The topic was NYC, but I'm pointing out the fact that New York State is a complete fiscal and demographic mess, and it's flagship, anchor city has not been helping it. The state employs the same backward fiscal and economic policies as the People's Republics of Illinois and California and as a consequence they are all fiscal basketcases.

And yes, a left wing NYC mayor will exacerbate this problem.

A mayor is not a dictator. They just don't have that much power. When you stop pretending they do, your blood pressure should fall to relatively normal levels.
 
DCDepository:

NYC had pretty high net out migration in the 2000 to 2010 years as well. They aren't exactly tearing it up.

Sure. Some of this can be explained by the financial crisis or the dot com bubble. I'd like to see data from 2000 to 2007 or 2003 to 2010.

Data from 2003 to 2007 would skew this in my favor; data from 2000 to 2010 skews this in your favor. So the fairest way to do it is to look cycle to cycle.

Sorry but the best indicator for the health of NYC is its G.M.P., and that's also been going up.

 
IlliniProgrammer:
DCDepository:

NYC had pretty high net out migration in the 2000 to 2010 years as well.
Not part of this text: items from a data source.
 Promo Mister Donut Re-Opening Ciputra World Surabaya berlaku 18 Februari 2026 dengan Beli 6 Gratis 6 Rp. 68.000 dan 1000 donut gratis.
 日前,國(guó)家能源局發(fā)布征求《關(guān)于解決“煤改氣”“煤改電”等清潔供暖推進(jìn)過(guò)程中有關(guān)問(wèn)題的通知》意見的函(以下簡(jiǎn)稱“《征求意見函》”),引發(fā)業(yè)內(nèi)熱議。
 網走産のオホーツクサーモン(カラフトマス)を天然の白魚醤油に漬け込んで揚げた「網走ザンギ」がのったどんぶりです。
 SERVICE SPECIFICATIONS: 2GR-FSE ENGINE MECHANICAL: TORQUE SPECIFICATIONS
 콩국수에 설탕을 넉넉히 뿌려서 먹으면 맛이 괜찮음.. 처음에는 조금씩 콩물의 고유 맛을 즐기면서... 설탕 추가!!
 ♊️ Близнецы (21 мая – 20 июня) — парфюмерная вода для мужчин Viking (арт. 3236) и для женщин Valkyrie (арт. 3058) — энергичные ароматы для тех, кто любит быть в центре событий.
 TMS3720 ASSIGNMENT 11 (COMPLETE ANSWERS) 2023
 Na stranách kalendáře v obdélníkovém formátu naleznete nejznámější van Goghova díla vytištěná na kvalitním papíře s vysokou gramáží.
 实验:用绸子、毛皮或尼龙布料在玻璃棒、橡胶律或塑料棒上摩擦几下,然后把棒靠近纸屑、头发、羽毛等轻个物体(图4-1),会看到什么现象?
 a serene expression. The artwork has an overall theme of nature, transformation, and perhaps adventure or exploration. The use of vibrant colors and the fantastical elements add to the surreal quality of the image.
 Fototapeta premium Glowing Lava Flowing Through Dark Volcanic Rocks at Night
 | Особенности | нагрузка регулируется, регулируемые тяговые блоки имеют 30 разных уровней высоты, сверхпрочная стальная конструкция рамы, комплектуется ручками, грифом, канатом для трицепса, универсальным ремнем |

They aren't exactly tearing it up.

Sure. Some of this can be explained by the financial crisis or the dot com bubble. I'd like to see data from 2000 to 2007 or 2003 to 2010.

Data from 2003 to 2007 would skew this in my favor; data from 2000 to 2010 skews this in your favor. So the fairest way to do it is to look cycle to cycle.

Sorry but the best indicator for the health of NYC is its G.M.P., and that's also been going up.

Maybe if you picked out 4 years somewhere. I could pick out decades going back to at least the 1970s to show net out migration.

BTW, NYC council is 46-4 Democrat. If you don't think de Blasio is going to be a problem for the city with unchecked power, think again.